**Aim of the task**
Everything from the line holding "대유플러스의 주봉을 보시면" to the last line of the material below must be retyped exactly, minus any pictures.
== Segment start ==
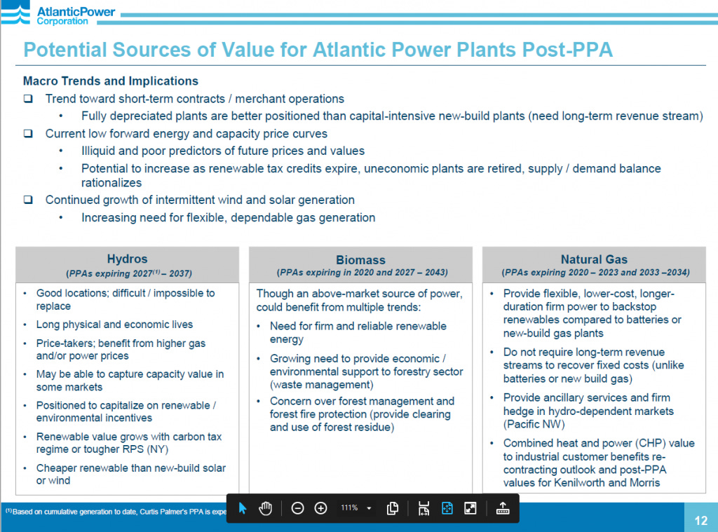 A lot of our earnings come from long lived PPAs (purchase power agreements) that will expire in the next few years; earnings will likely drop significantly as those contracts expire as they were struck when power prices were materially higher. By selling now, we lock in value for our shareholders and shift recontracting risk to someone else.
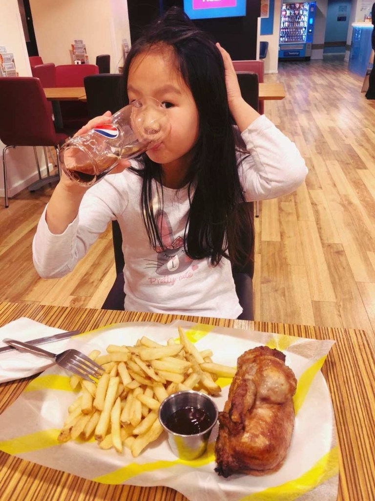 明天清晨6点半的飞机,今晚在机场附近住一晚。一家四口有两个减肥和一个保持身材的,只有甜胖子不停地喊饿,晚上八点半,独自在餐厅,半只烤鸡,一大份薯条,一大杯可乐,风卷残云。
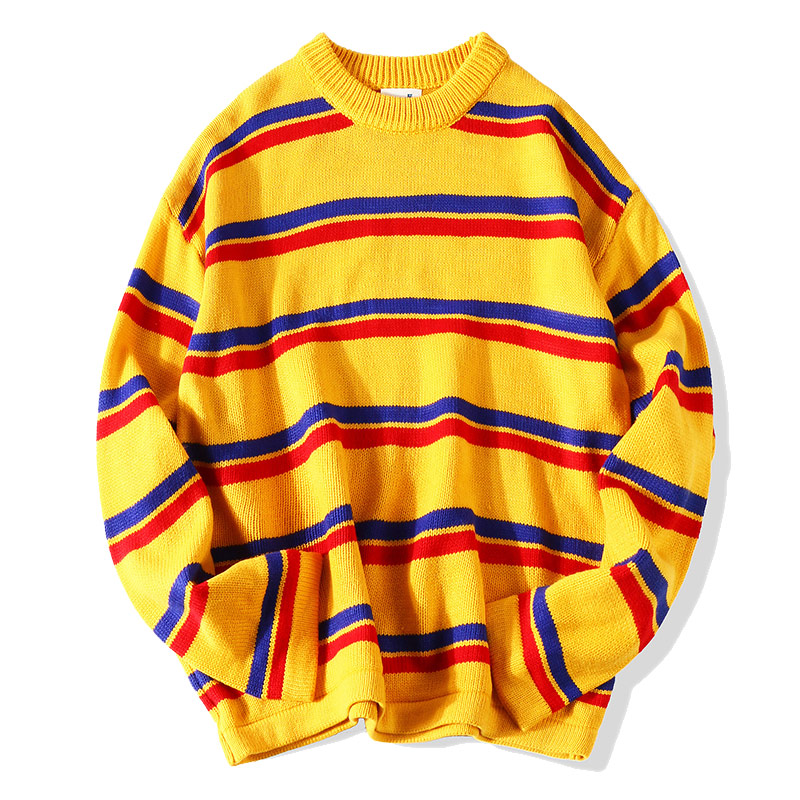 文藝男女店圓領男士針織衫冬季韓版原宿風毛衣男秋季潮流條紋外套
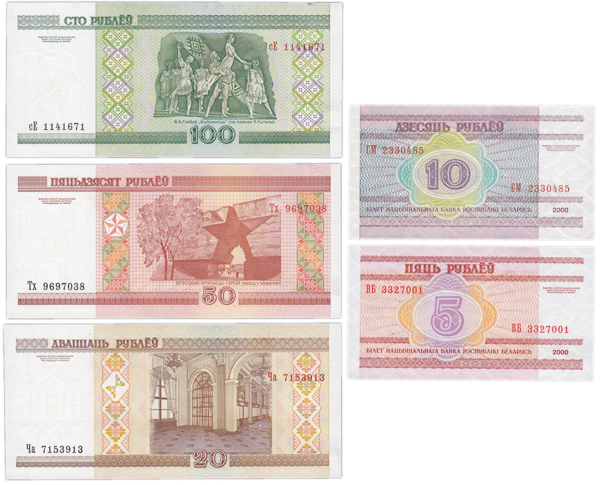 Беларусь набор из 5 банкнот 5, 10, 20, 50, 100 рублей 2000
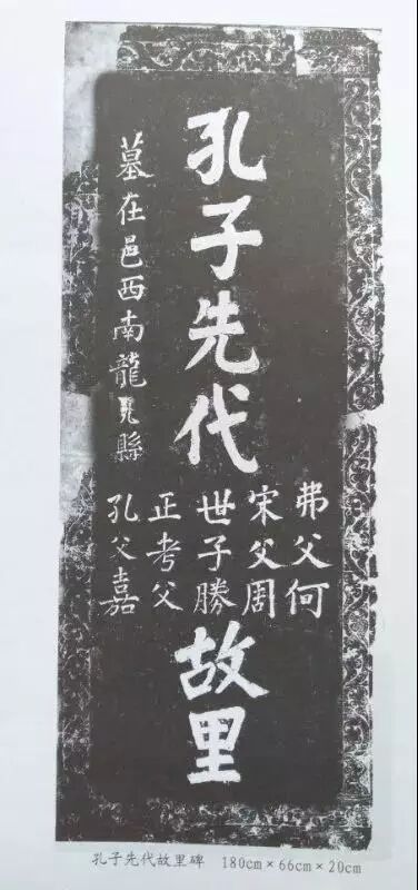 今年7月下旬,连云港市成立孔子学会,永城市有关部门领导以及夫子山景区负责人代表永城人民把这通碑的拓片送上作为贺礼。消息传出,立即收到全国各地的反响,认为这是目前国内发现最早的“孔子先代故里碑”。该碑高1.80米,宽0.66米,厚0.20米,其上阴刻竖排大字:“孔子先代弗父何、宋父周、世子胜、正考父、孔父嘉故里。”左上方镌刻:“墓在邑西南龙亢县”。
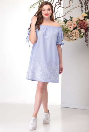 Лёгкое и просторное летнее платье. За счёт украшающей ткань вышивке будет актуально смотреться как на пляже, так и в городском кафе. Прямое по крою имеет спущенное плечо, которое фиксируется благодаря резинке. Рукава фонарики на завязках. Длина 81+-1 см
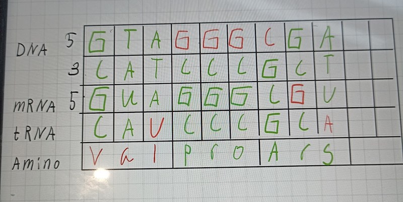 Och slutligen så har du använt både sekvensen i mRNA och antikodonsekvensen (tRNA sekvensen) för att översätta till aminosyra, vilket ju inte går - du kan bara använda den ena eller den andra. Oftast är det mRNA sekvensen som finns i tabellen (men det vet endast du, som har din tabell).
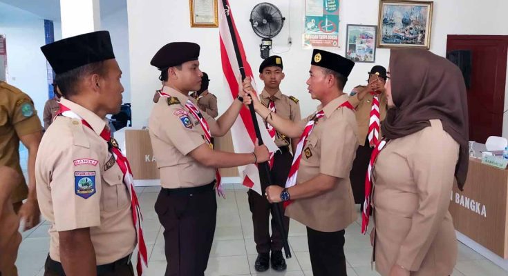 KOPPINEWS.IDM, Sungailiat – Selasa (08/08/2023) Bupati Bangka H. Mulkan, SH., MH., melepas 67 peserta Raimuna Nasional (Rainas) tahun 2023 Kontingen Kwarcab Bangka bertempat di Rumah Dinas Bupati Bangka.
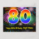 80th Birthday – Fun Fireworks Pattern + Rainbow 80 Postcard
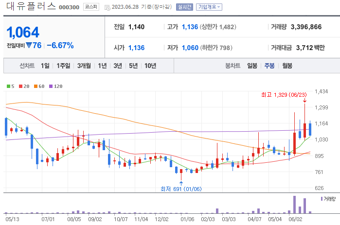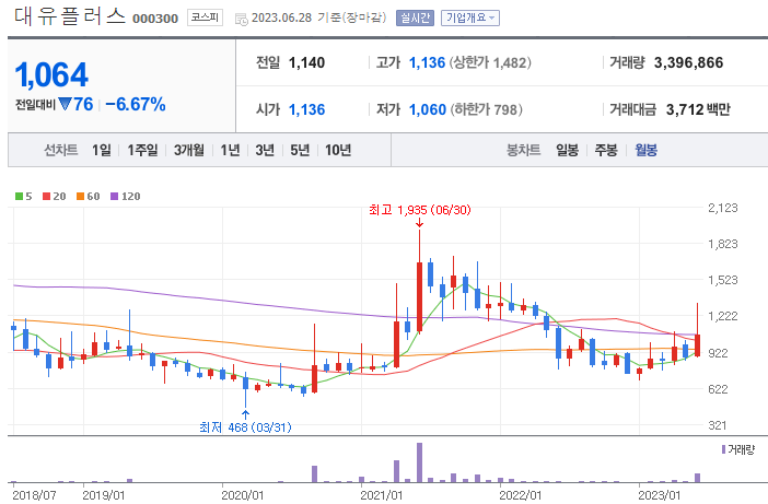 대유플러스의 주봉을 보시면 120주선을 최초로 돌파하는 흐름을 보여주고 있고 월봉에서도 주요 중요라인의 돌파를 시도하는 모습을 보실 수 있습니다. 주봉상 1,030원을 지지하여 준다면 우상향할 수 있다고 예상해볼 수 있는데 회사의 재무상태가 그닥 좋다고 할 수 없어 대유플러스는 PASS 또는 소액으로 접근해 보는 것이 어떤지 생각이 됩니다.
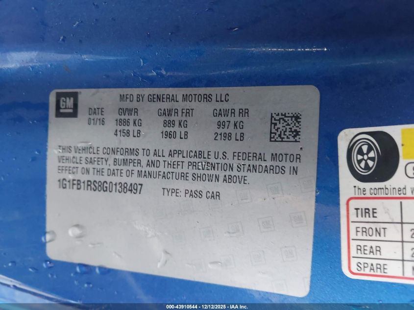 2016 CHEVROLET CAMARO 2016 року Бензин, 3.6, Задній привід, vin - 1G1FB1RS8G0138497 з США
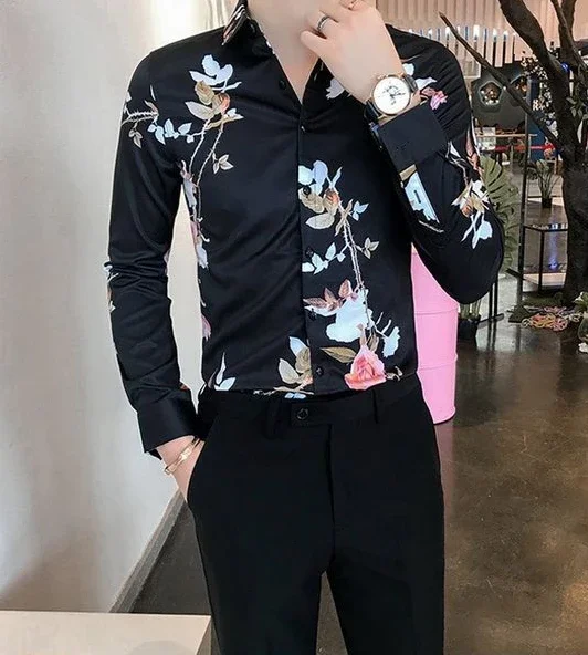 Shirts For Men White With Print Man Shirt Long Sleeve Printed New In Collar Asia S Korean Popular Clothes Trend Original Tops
== Segment end ==
**Answer to this exercise**
 대유플러스의 주봉을 보시면 120주선을 최초로 돌파하는 흐름을 보여주고 있고 월봉에서도 주요 중요라인의 돌파를 시도하는 모습을 보실 수 있습니다. 주봉상 1,030원을 지지하여 준다면 우상향할 수 있다고 예상해볼 수 있는데 회사의 재무상태가 그닥 좋다고 할 수 없어 대유플러스는 PASS 또는 소액으로 접근해 보는 것이 어떤지 생각이 됩니다.
 2016 CHEVROLET CAMARO 2016 року Бензин, 3.6, Задній привід, vin - 1G1FB1RS8G0138497 з США
 Shirts For Men White With Print Man Shirt Long Sleeve Printed New In Collar Asia S Korean Popular Clothes Trend Original Tops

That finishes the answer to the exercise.